On September 1, in the two federal provinces of Saxony and Thuringia held elections that delivered a shocking result for the ruling ‘traffic light’ coalition of the Social Democrats (Red), Free Democratic Party (Yellow), and the Green Party (Green). None of them came close to being able to form a government, with the Greens and the Free Democrats struggling to get near the 5 per cent threshold for entering the parliament, a sign of their slipping popularity across the country. Meanwhile, the far-right Alliance for Germany (AfD) won a third of the vote, while a new left party, the Sahra Wagenknecht Alliance (BSW), which had broken from Die Linke (the Left) won about 15 per cent of the vote in both provinces. The BSW’s rise has been entirely linked to its forceful position against the war in Ukraine and the genocide in Palestine, calling for a mandate ‘for peace, for diplomacy’ and not for war and for a mandate against the placement of US missiles on German soil. BSW broke with Die Linke, which has now moved into electoral obscurity, because their parent party refused to take a clear position regarding NATO and the war in Ukraine (a book by BSW’s international head, Sevim Dagdelan’s NATO has been published by LeftWord Books in Delhi). Critics of the BSW accuse it of being anti-immigrant; the party argues that while it supports the entry of asylum seekers into Germany, it is against the wars and IMF policies that force people to flee their countries – a position that is not anti-immigrant, but indeed pro-people. All the evidence suggests that BSW will grow in the year ahead before the next federal parliamentary elections.

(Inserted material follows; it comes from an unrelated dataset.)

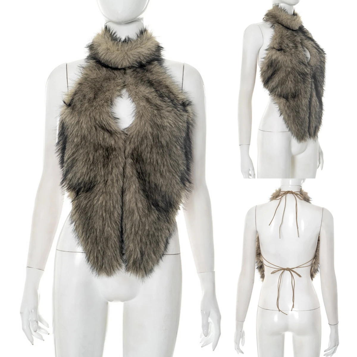 TP269 Boutique Women Top Sweet Sexy Street Wear Blouse Halter Plush Hollow Out Ladies Vest Unique Irregular Backless Tank Tops

On October 13, millions of Belgians (and some non-Belgians who have lived in the country for at least five years) voted in the 581 municipalities for their municipal councils. The bourgeois parties, which are united behind the NATO agenda, faced a serious challenge from the Belgian Workers Party (the PVDA-PTB), which made progress in the three parts of the country – Brussels, Flanders, and Wallonia. The PVDA-PTB doubled their representation from the 2018 elections (the party now has 258 local representatives). What is important about the PTB-PVDA is that it wins across the country, not just in the French speaking or Dutch speaking areas. In Antwerp, the largest city in Flanders, the party won 20 per cent of the vote, and in some cities (Aalst, Ostend, Châtelet, and others) it won representation for the first time. The abolition of compulsory voting meant that 40 per cent of the electorate did not turn out, most of them from amongst the working-class and youth, both core constituencies of the PTB-PVDA. These gains – despite a smear campaign – are significant. The party is led by Peter Mertens, whose book Mutiny was published earlier this year from LeftWord Books. Recently, Mertens reflected on the churning in Europe: “Right now, we are in a phase of chaos, and chaos always kicks up a lot of dust. But the Left should not be afraid of that dust. If you look at all the disasters imposed on the countries of Asia, Africa, and Latin America – not only during colonialism, but also in the neoliberal period – it’s clear that the current order is already very violent. This process is just beginning and is currently in the most difficult phase. It could go in a far-right direction, but our job is to ensure that it doesn’t. I realize there are people in Europe who feel like they have stable lives and are afraid of the chaos, but that chaos is caused by capitalism. We have to show people a way forward, through the chaos, to a new kind of stability – a socialist stability.”